I’ve made a pledge to myself to try and stick to my ‘Must Dos’. My facial routine, my dental routine, and my prayer/reading the Bible routine.
What pledge will you make? Comment or Tweet me!
Work with what works for you.
Rach with ADHD.
Yes, you described me pretty well. I turn 69 this week, and sorry but it doesn’t get any easier. I have learned to accept myself as my crazy brain presents me to myself….got that? I am a Lutheran Pastor and I believe, teach and confess that God loves us as He made us. So we who have hyperactive right brains tell marvelous stories (sermons for me) that are not in any way linear, but rather like a mosaic. That means I can celebrate when I actually do all of the things on my calendar (at least the ones I remember to put on the calendar in my phone (I am an Apple product fan since 1983) but I don’t beat myself up anymore when an appointment someone makes with me disappears from my calendar app but I remember it anyway…or not….Just remember that God loves you as He made you, medications that are useful are a blessing and….what was I writing about again?
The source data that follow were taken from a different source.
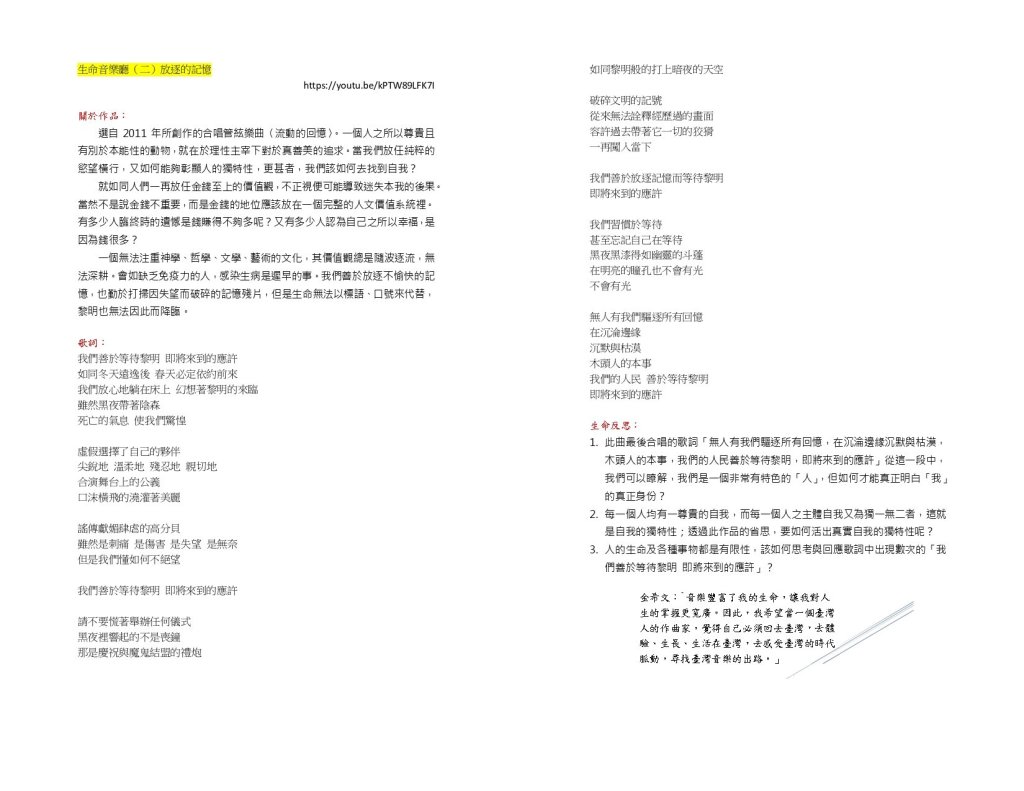 有一則關於 生命音樂廳(人學探索)放逐的記憶 的留言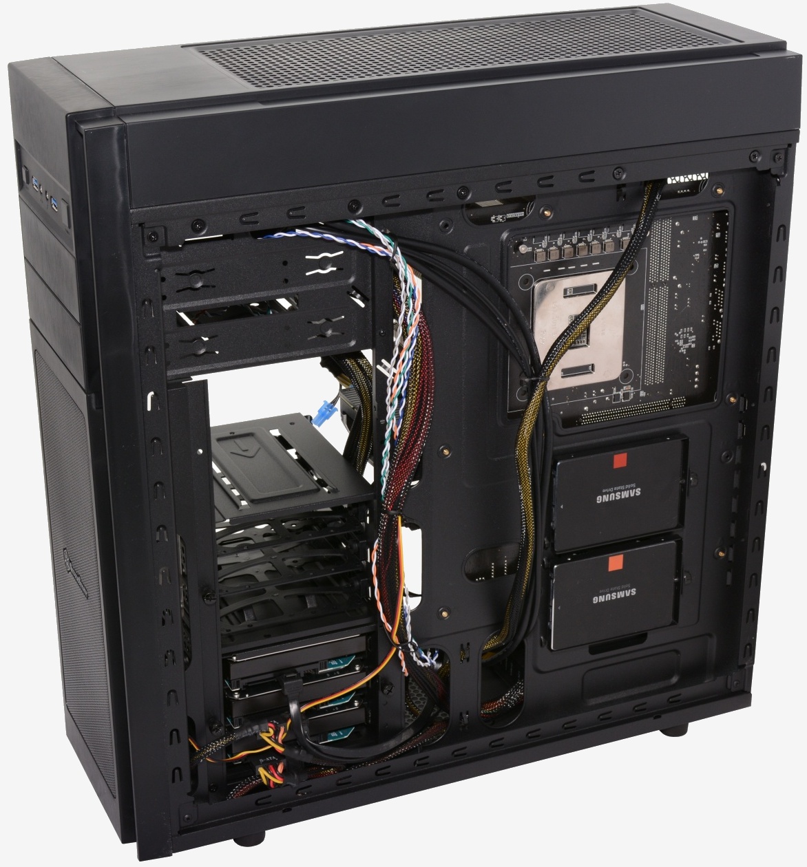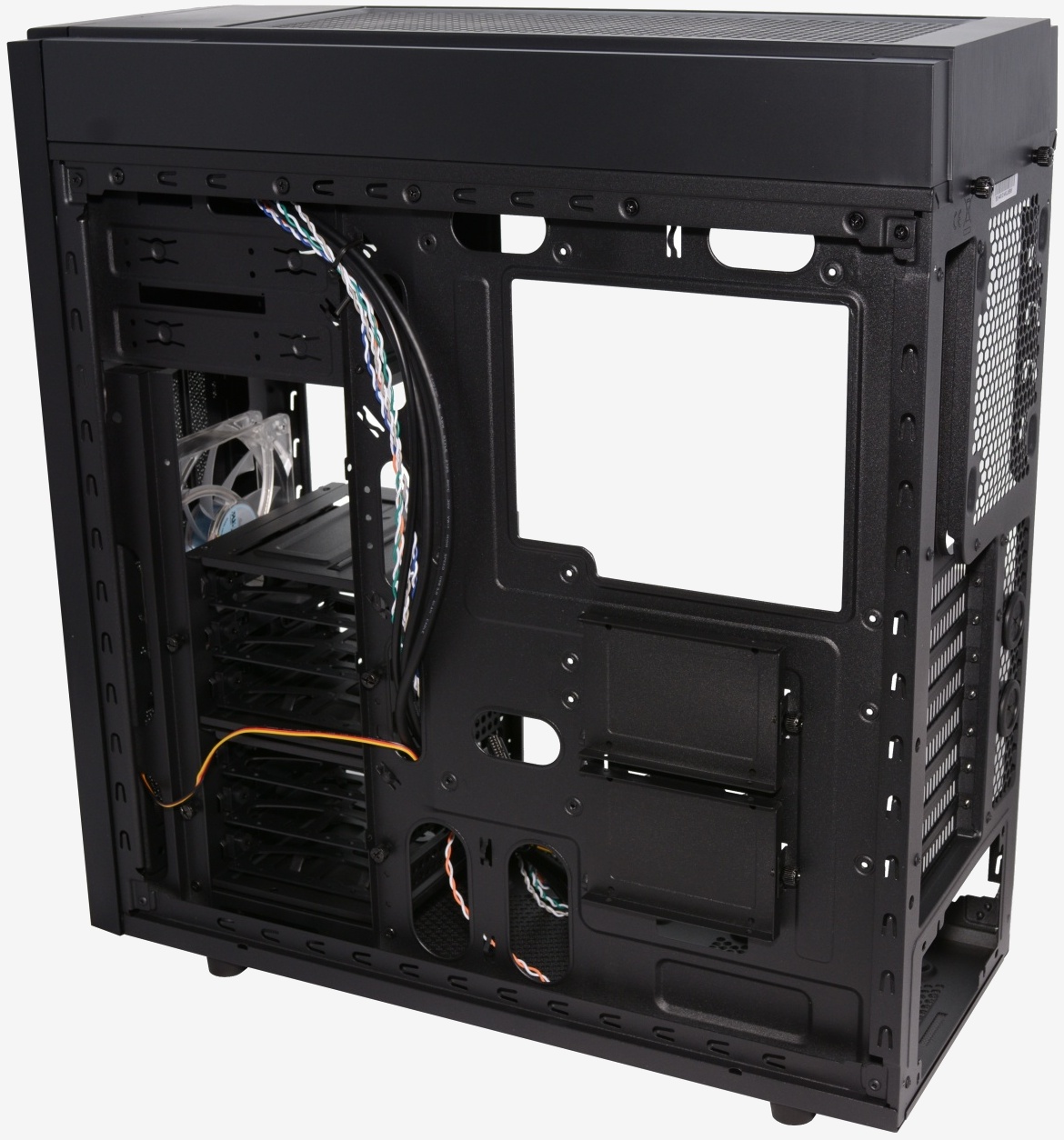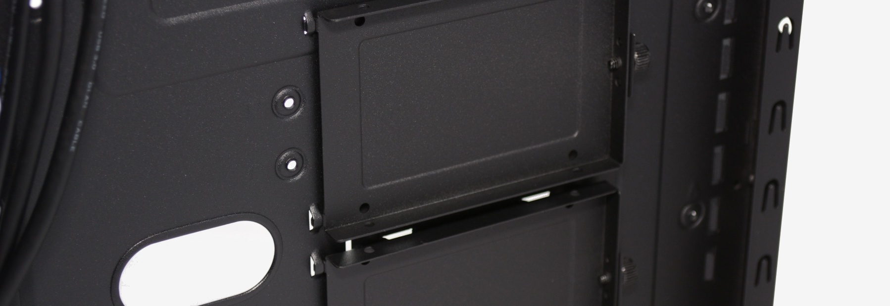 The motherboard tray features a massive cut-out allowing for rear access to the CPU socket using a wide range of AMD and Intel motherboards. There are also a number of access points for routing cables behind the motherboard tray – eight in fact. Also found behind the motherboard tray are two 2.5" drive cages which are handy for installing some speedy SSDs.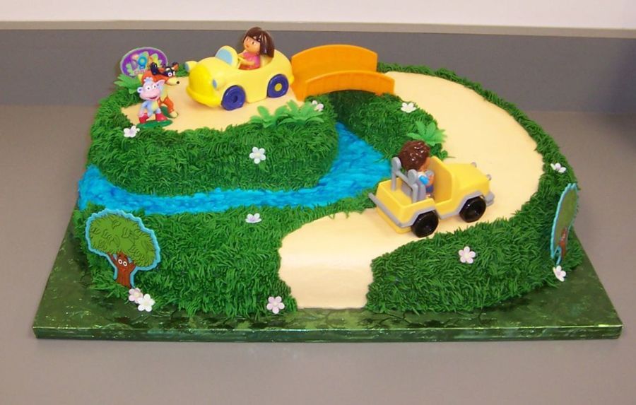 I don't make this kind of cakes but for my granddaughter is OK. This is a buttercream cake with fondant little flowers and the toys of the cake kit. Thank you for looking.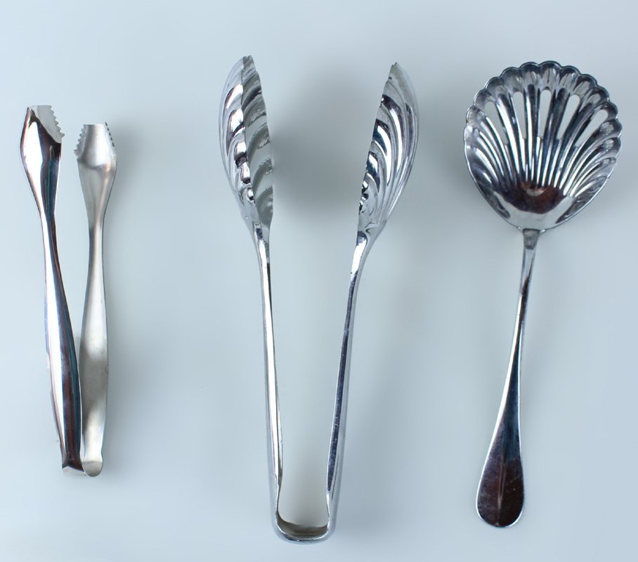 POSATE DA SERVIZIO ACCIAIO INOX: DUE PINZE A CUCCHIAIO + CUCCHIAIO FORATO | Rare and modern books |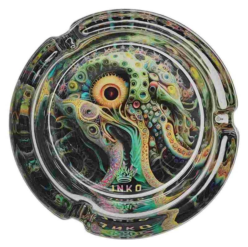 Popelník kulatý skleněný 10cm | Psychedelický seriál | Design 8 | Chobotnice 1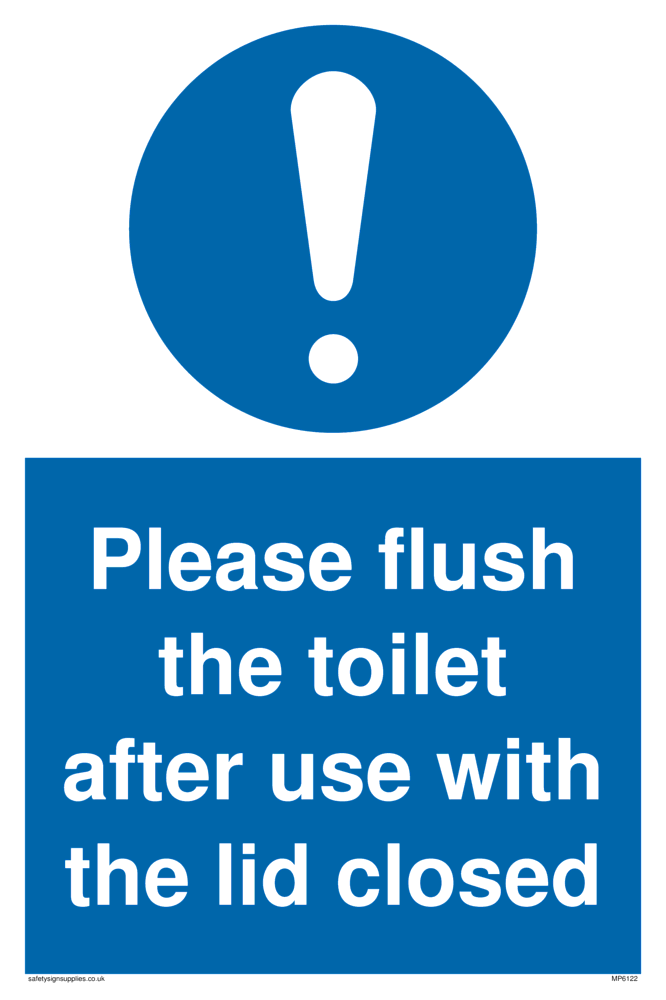This sign contains a general Mandatory Exclamation Symbol - exclamation mark in white on blue circle background.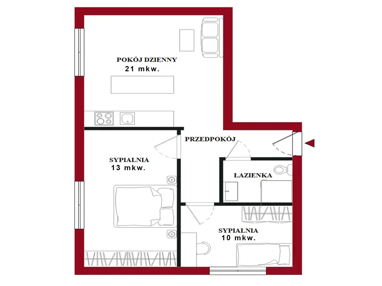 - pokój dzienny z widnym aneksem kuchennym (pow. 21 m.kw.);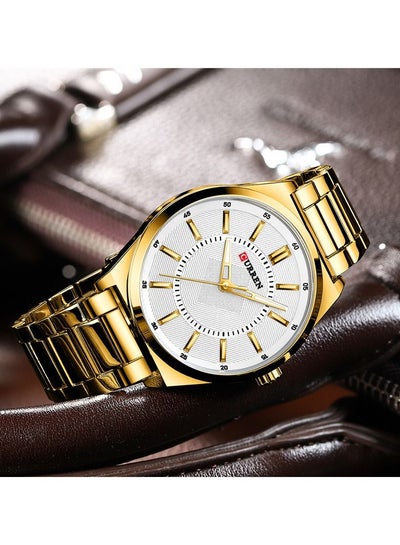 CURREN 8407 ساعات رجالية ذات علامة تجارية فاخرة كوارتز كلاسيكية سوداء للأعمال ساعة يد بسوار من الفولاذ المقاوم للصدأ بسيطة - ذهبي/أبيض

God loves you! Enjoy your life!
I’ve struggled with creating routine for my whole life, constantly falling off and back into unfulfilling habits. What I have found most helpful are the following:
1. Create ‘anchor habits’ which are those things you do no matter what that give you a sense of achievement. For me, the main one is getting onto my yoga mat every day, even if it’s only for 5 minutes, no matter what time of day it is. I also make sure I drink a glass of water every single morning when I wake up and I am trying to anchor writing in my journal before bed.
2. Make your routine task-based instead of time-based. I have a series of ‘blocks’ I need to work through every day and it doesn’t matter what time I start my day, I just work through those blocks in order. Sometimes it means time is taken away from certain things (depending on work schedule) but once I dropped the reliance on clock time, I find I am able to work through all my blocks most days, which keeps me on track for future days.
3. Meds. Meds have helped more than literally any self-help book or article ever can or will and I will advocate for people to go on meds whenever possible! ADHD meds have been shown to dramatically assist more than 80% of those who take them and getting rid of the stigma around mental health medication is so so so important for our well-being and success!